The curtain will come down on a hugely competitive and enjoyable World Rugby U20 Trophy 2017 on Sunday at the Charrúa Stadium, in Montevideo, with a match-up between first-time finalists Portugal and a Japanese side hoping for an immediate return to the World Rugby U20 Championship.
Japan scored 16 tries and 111 points en route to Sunday’s showpiece occasion as winners of Pool A, impressing in victories over Canada, Chile and the previously unbeaten Namibia. But all that will count for nothing if they fall at the final hurdle to a dogged Portugese side that has grown used to upsetting the odds and 'winning tough.’
Portugal have been a revelation with a good pack of forwards that know what it needs to do to provide their silky backs time and space. The polished boot of fly-half Jorge Abecassis, both from hand and kicking for the posts, is integral to the way they play and they have shown great spirit under the coaching of former international Luis Pessarra.
The European U19 champions stunned hosts Uruguay 20-18 in round one before seeing off Hong Kong 31-24 and then, on a day of high drama in Punta del Este, they booked their place in the final with a nerve-wracking 16-13 win over Fiji.
Ably led by capped winger Antonio Vidinha, they go into the final as the underdogs. “We know we are the underdogs, again! That is how we like to play.
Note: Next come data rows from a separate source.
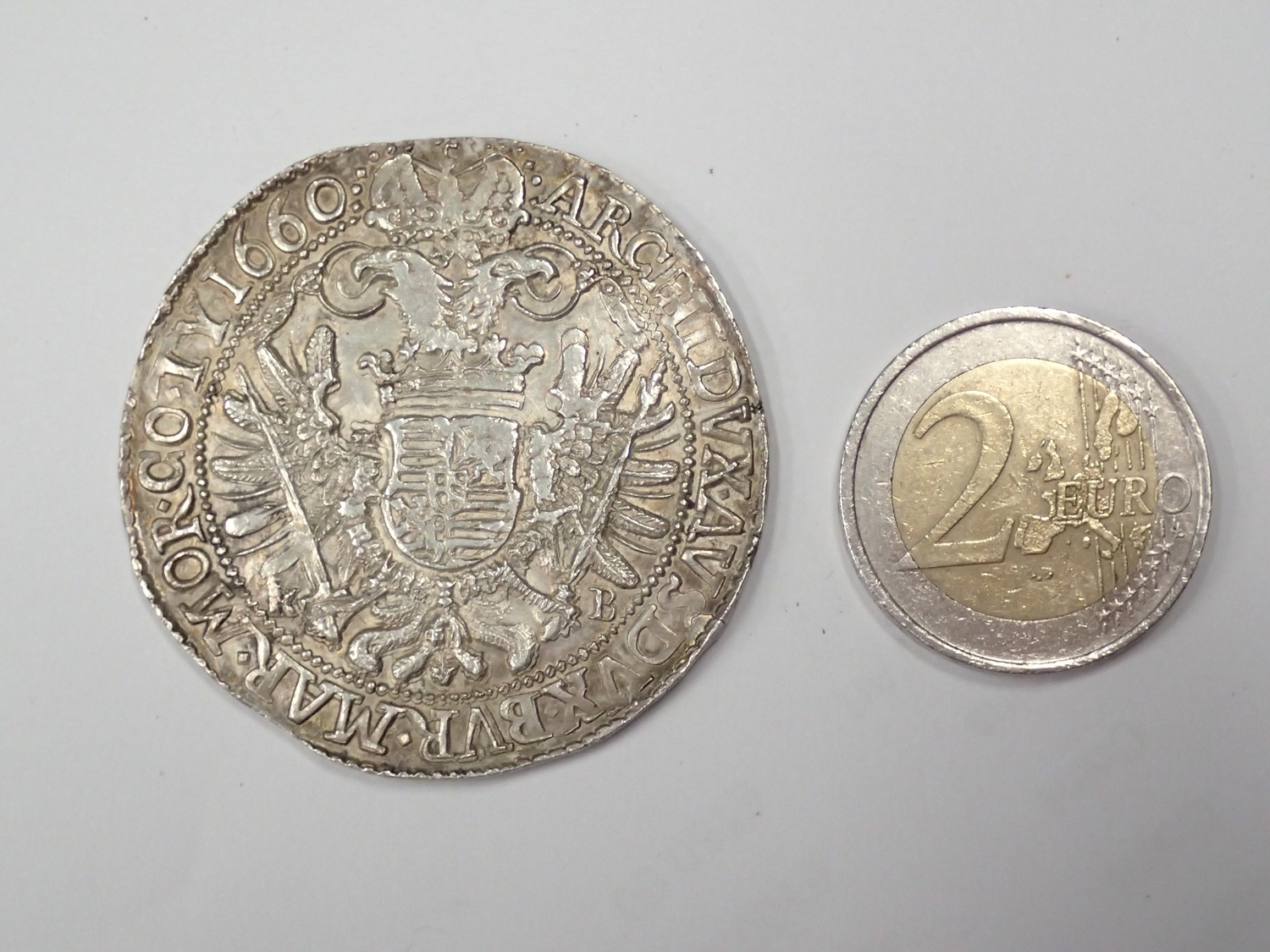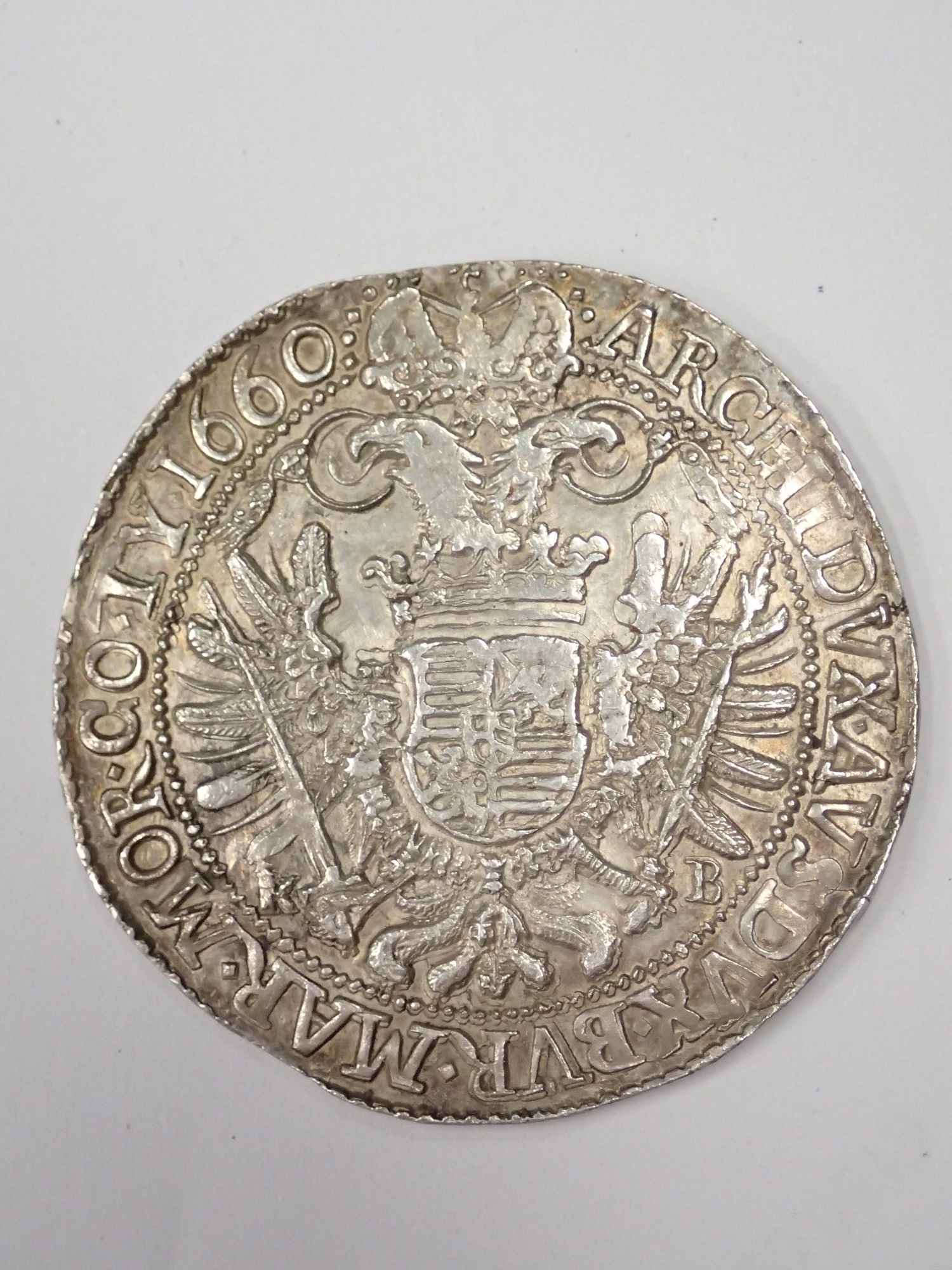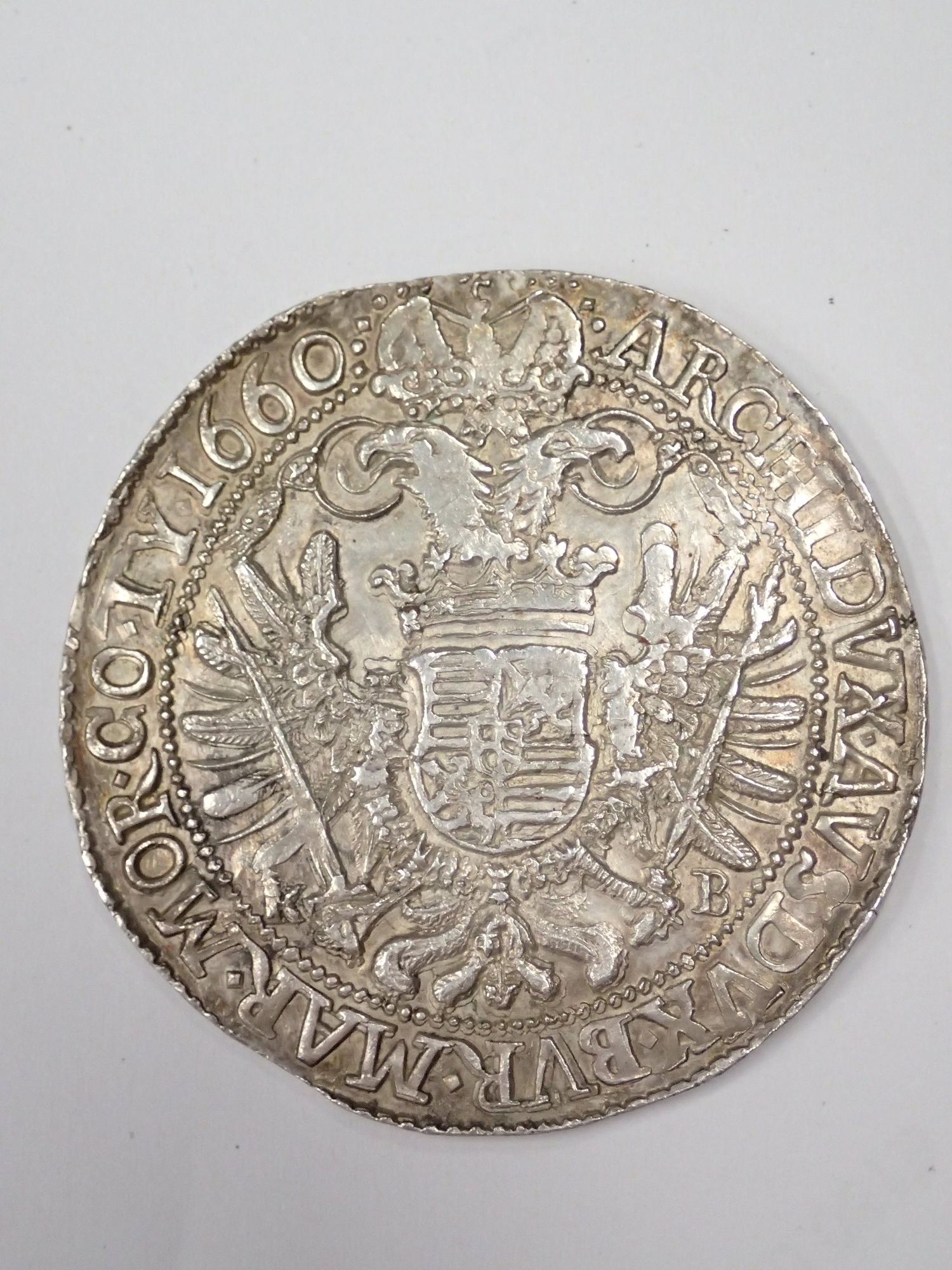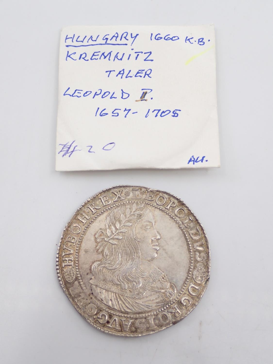 A coin from Hungary dated 1660 (A Taler of the Holy Roman Empire struck for Hungary. Kremnitz. Early portrait of Emperor Leopold) approx. 28.7 grams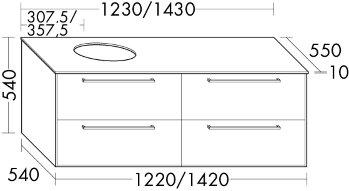 Front Thermo, mit Glasabdeckplatte, farbbeschichtet, 1 Siphonbohrung asymmetrisch, Waschtischunterschrank, 2 Schubladen oben mit Siphonausschnitt und 2 Auszüge unten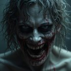 A sinister figure with wild, curly hair displays a grotesque face, featuring dark, exaggerated makeup and a menacing grin full of sharp teeth. The eerie atmosphere enhances the chilling expression.
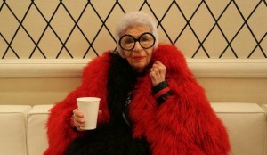 In the spirit of celebrating New York Fashion Week, I wanted to highlight an unexpected face in the world of couture. One of my all time favorite trendsetters is Iris Apfel. This 90something year old spitfire is an expert in interior design and fashion. With a resume that includes time at Women’s Wear Daily and completing several design projects at the White House, this icon is no shrinking violet when it comes to voicing her opinions. Recently interviewed for Vogue, Iris described her feelings about personal style…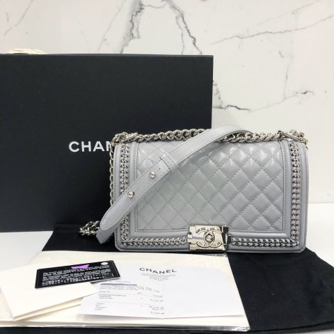 Chanel No.30 Medium Boy Handbag, Grey Blue Calfskin Leather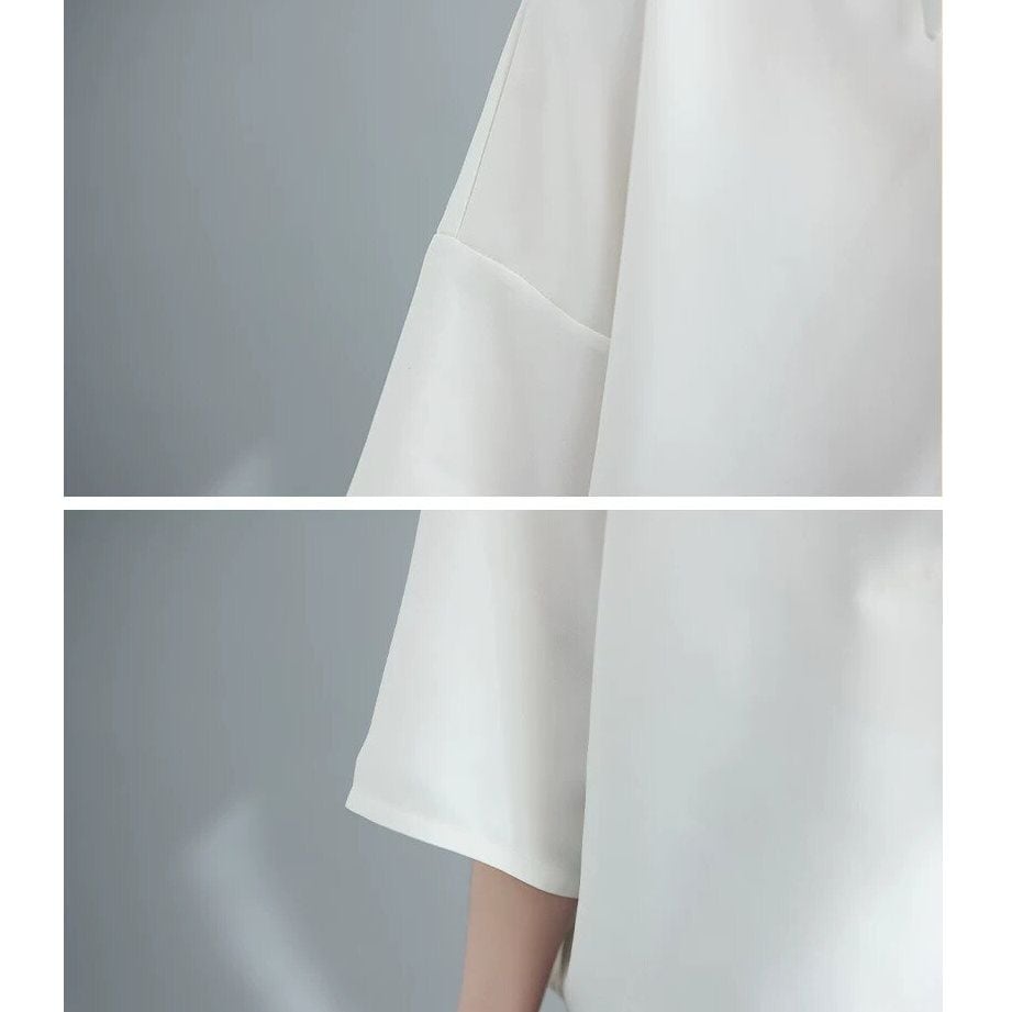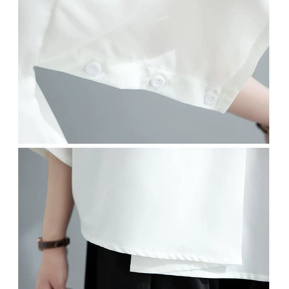 アシンメトリックなデザインがモードな、ポインテッドカラー・ハーフボタン・7分袖のデザインシャツです。単色のシンプルなデザインでコーディネートしやすい、クラシカルな雰囲気のアイテムです。色はブラックとホワイトの2色から選べます。 SIZE:※測り方によって2-3cmの差が生じる場合がございます。 【M】バスト108cm 肩幅49cm 袖丈50cm 着丈65cm 【L】バスト112cm 肩幅50cm 袖丈51cm 着丈66cm 【XL】バスト116cm 肩幅51cm 袖丈52cm 着丈67cm 【2XL】バスト120cm 肩幅52cm 袖丈53cm 着丈68cm 【3XL】バスト124cm 肩幅53cm 袖丈54cm 着丈70cm COLOR:White、Black 素材:ポリエステル、その他 モデル着用サイズ:L モデル情報:身長161cm 体重49kg お届けについて こちらの商品は海外店舗より直接発送となる為、 ご決済から到着までは、多くの場合【10日-2週間前後】でお届けしております。 ※在庫状況や輸送の混雑により、4週間前後かかる場合がございます。 注意事項 ・商品在庫切れにより注文キャンセルとさせていただく恐れもございますので、予めご了承くださいませ。 ・仕入れ工場を変えることがあるため、記載サイズと若干異なる場合がございます。 ・商品の色味は、お手持ちのスマートフォンの画面によって実物と若干異なる場合がございます。 ・イメージ違いやサイズ交換等、お客さまご都合による交換・返品はご遠慮ください。 送料について 全国一律580円(沖縄県は1,500円) ※10,000円以上のご注文で沖縄県を含む全国送料無料。 お支払い方法について ・クレジットカード決済(VISA/Mastercard/JCB/アメリカン・エクスプレス/ Diners Club) ・Amazon Pay ・PayPay ・コンビニ決済/Pay-easy ※前払いのお支払い方法 ・Pay ID あと払い(コンビニ払い、口座振替) ※あと払いのお支払い方法 ・キャリア決済(d払い/au PAY(auかんたん決済)/ソフトバンク・ワイモバイルまとめて支払い) 管理番号:M-16369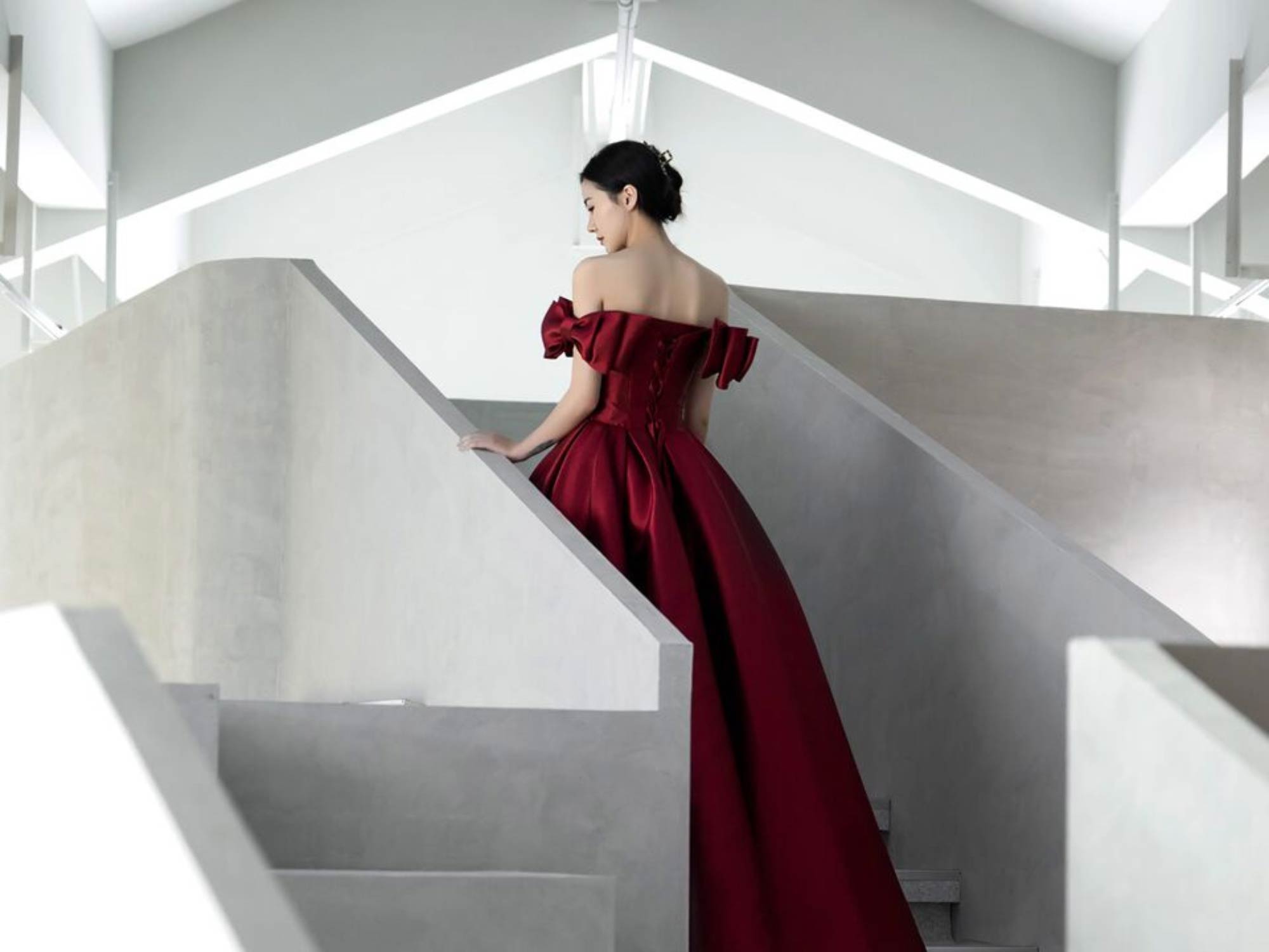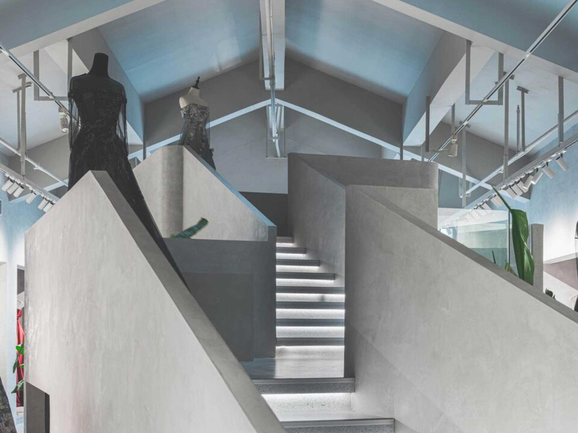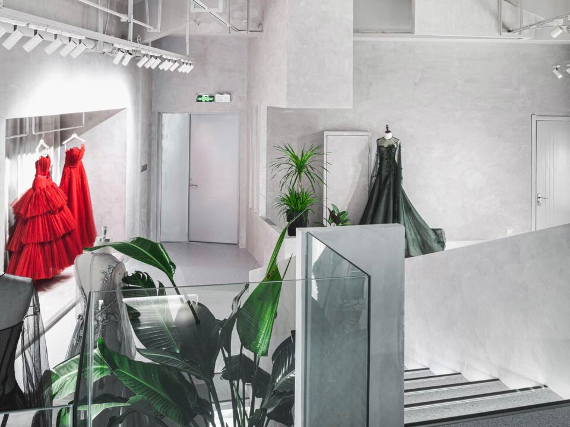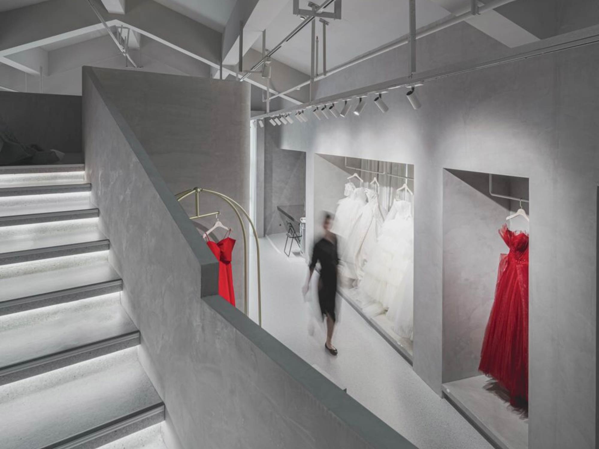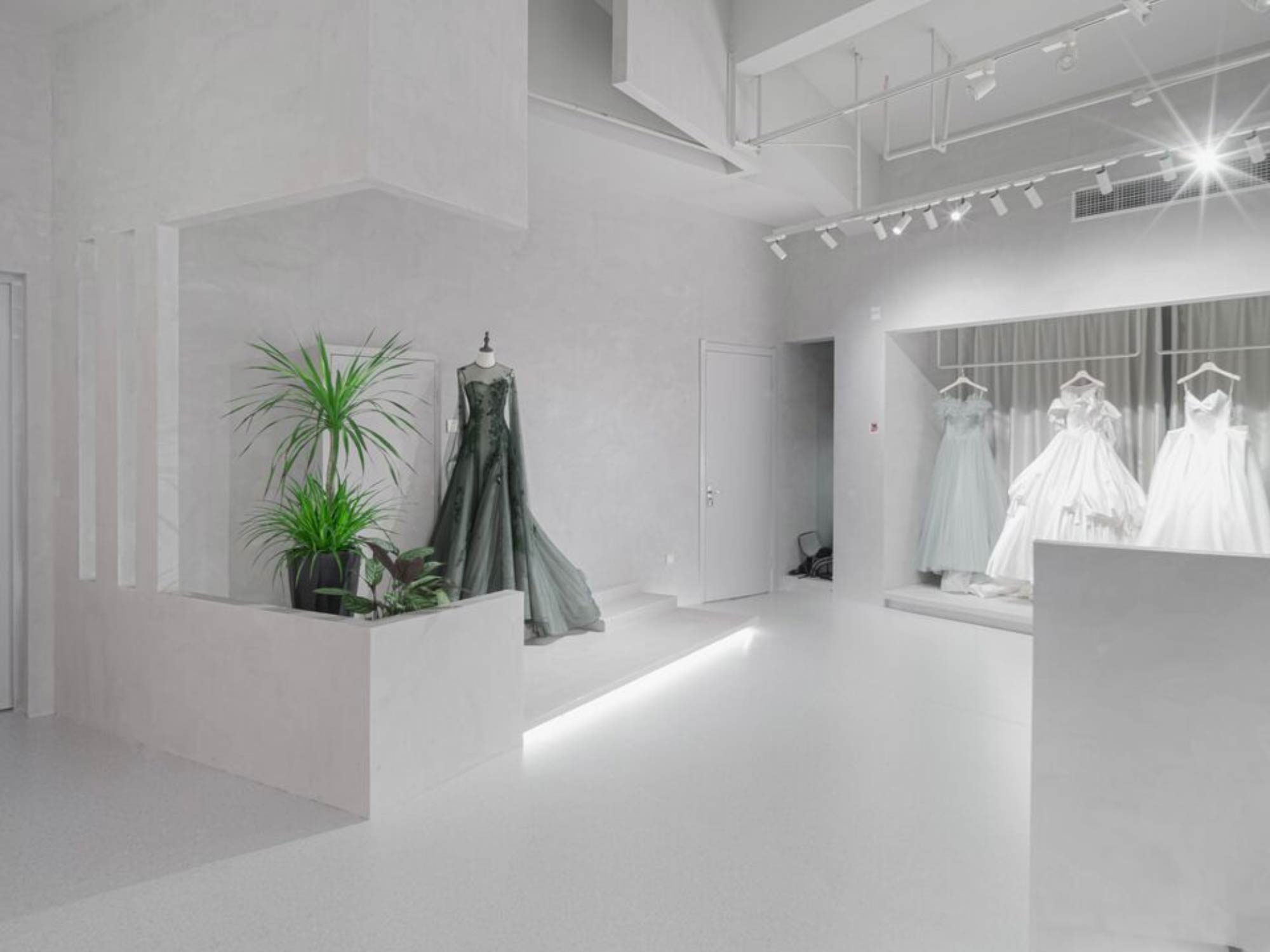 Hệ mái dốc giúp tạo ra các lớp không gian chồng lên nhau, trong khi chiều cao lớn cho phép phát triển các điểm nhìn đa tầng. Điều này đặc biệt hiệu quả trong việc trưng bày váy cưới – một loại sản phẩm cần không gian thoáng và chiều cao để thể hiện hết vẻ đẹp.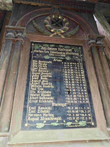 In der Kirche von Arnau hing bis 1945 eine Tafel der Gefallenen des Ersten Weltkriegs aus Arnau und Rheinsgut.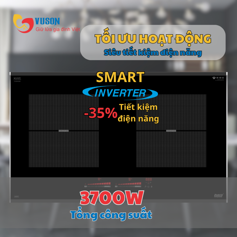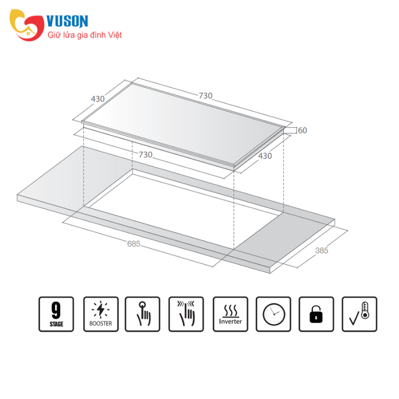 - Bếp phải: Ø 230mm/ 2300W, booster 3000W

Everybody thinks that Japan will beat us easily but we want to show the what we are made of," said Vidinha. “It is now about recovery, setting our game plans and then putting it out there on the pitch."
“Japan are a very strong side, with great forwards," he continued. "They are very dynamic but we relish the defensive side of the game so I have no doubt it will be a very intense game and a good one to watch.”
JAPAN FOCUSED ON ONE GOAL
Relegated from the U20 Championship in 2016, Japan are now just 80 minutes away from an immediate return to the top level of age-grade of international rugby.
Tongan-born flanker Faulua Makisi has showcased his incredible skills with five tries in the last two games, and will be one to watch again, but Japan will not be taking anything for granted on Sunday.
“Portugal are strong in defence so we’ll have to play the game in the right areas of the field,” captain Taichi Mano. “But we are well-prepared for the game and determined to take the trophy back to Japan.”
Had it not been for a poor first half performance in their opening game against Portugal, Uruguay could so easily have been contesting Sunday’s final instead of the Junior Os Lobos.
Los Teritos recovered from that setback to record emphatic wins over Fiji and Hong Kong which left them one point behind Portugal in the final Pool B standings and facing a bronze medal match against Namibia, runners-up in Pool A.
Improving Chile will take on the physical might and flair of Fiji for fifth, while the seventh-place play-off is between Canada and Hong Kong.